STORED DATA
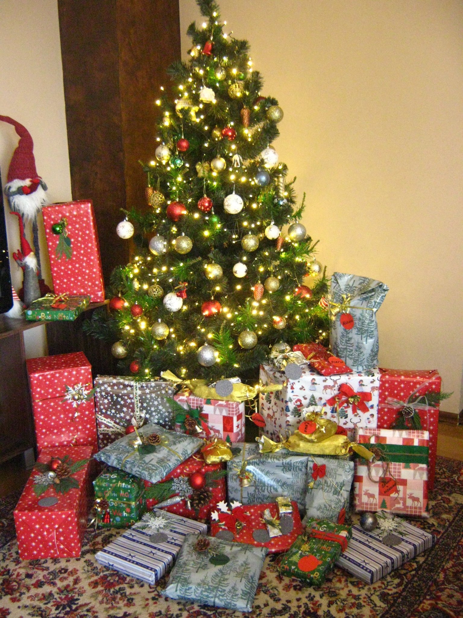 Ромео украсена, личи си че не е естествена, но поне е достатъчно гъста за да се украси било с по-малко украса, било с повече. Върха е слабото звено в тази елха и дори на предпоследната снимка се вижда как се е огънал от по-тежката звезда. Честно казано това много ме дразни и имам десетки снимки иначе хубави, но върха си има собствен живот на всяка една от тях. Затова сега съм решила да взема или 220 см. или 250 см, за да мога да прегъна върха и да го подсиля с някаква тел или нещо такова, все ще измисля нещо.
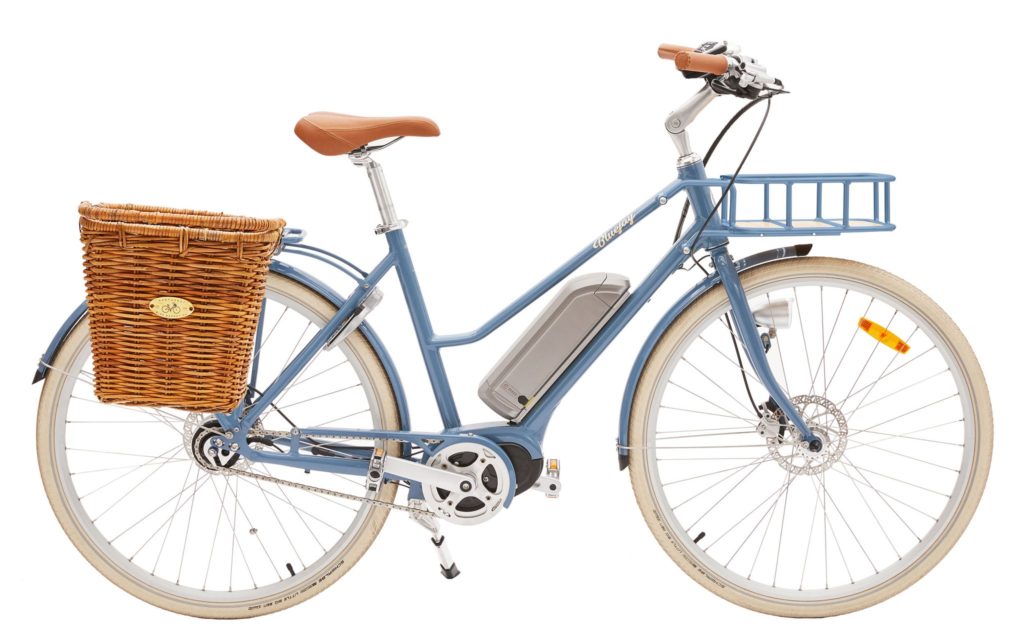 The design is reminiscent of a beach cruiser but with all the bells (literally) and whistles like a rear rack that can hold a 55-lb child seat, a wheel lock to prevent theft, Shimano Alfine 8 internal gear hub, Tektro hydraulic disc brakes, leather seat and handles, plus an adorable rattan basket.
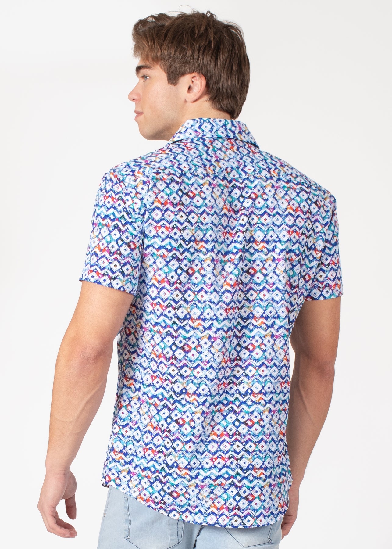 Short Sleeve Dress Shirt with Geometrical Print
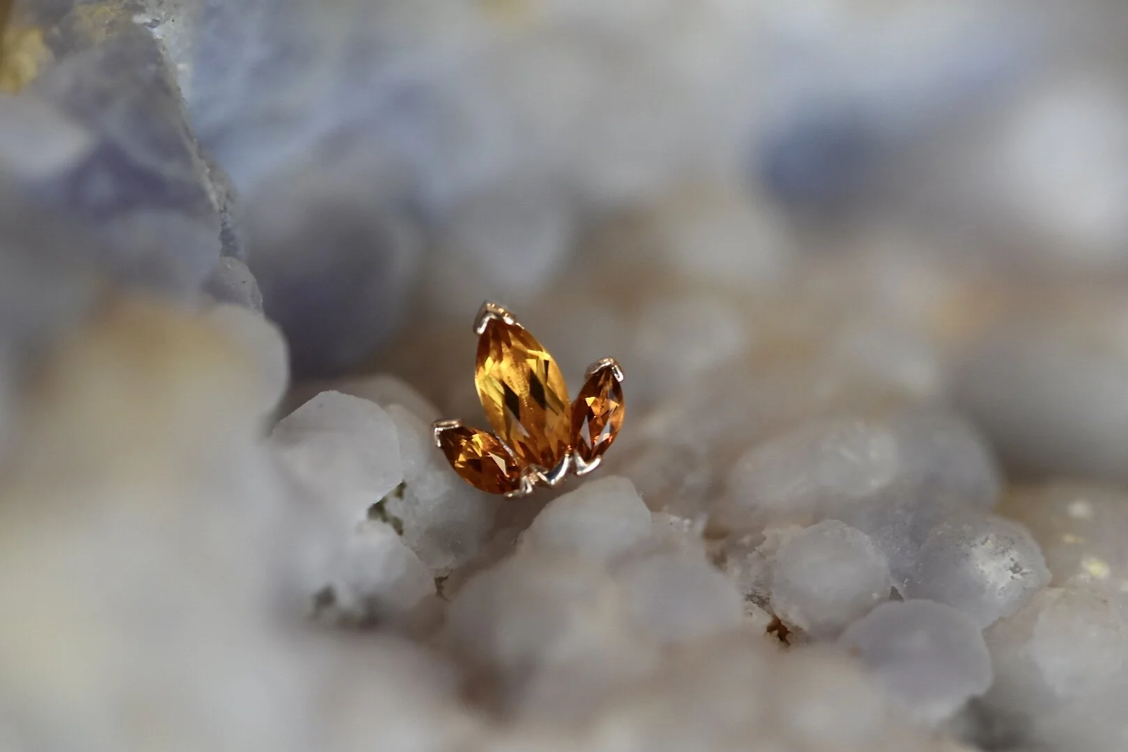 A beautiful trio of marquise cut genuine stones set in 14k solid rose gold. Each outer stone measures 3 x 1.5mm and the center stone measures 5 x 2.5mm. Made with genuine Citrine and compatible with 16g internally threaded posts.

WHAT YOU ARE ASKED TO DO
Only the lines from the start of the material through the line containing "Short Sleeve Dress" should be transcribed. Pictures stay out.

ANSWER TO THIS PROBLEM
 Ромео украсена, личи си че не е естествена, но поне е достатъчно гъста за да се украси било с по-малко украса, било с повече. Върха е слабото звено в тази елха и дори на предпоследната снимка се вижда как се е огънал от по-тежката звезда. Честно казано това много ме дразни и имам десетки снимки иначе хубави, но върха си има собствен живот на всяка една от тях. Затова сега съм решила да взема или 220 см. или 250 см, за да мога да прегъна върха и да го подсиля с някаква тел или нещо такова, все ще измисля нещо.
 The design is reminiscent of a beach cruiser but with all the bells (literally) and whistles like a rear rack that can hold a 55-lb child seat, a wheel lock to prevent theft, Shimano Alfine 8 internal gear hub, Tektro hydraulic disc brakes, leather seat and handles, plus an adorable rattan basket.
 Short Sleeve Dress Shirt with Geometrical Print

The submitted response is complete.